EXERCISE: When you reach the line containing "Doncaster Aeromodellers Club" in the entries below, start writing out each line exactly, and stop after the line containing "Areas most impacted".

EXERCISE MATERIALS:

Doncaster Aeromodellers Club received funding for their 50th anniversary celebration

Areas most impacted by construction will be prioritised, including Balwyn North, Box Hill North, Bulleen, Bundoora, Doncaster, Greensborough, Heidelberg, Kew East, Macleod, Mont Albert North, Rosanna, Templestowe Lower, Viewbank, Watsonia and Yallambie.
--
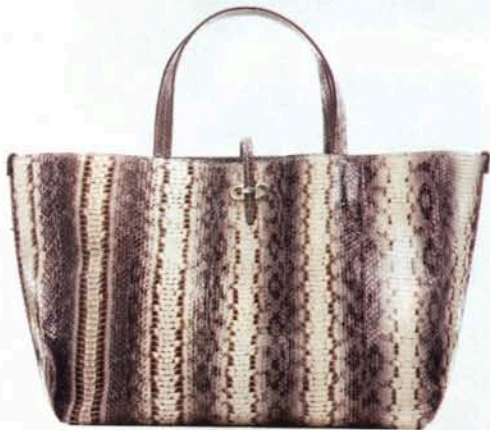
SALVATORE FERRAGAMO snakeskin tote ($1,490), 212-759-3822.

RESPONSE FOR THIS EXERCISE:
Doncaster Aeromodellers Club received funding for their 50th anniversary celebration

Areas most impacted by construction will be prioritised, including Balwyn North, Box Hill North, Bulleen, Bundoora, Doncaster, Greensborough, Heidelberg, Kew East, Macleod, Mont Albert North, Rosanna, Templestowe Lower, Viewbank, Watsonia and Yallambie.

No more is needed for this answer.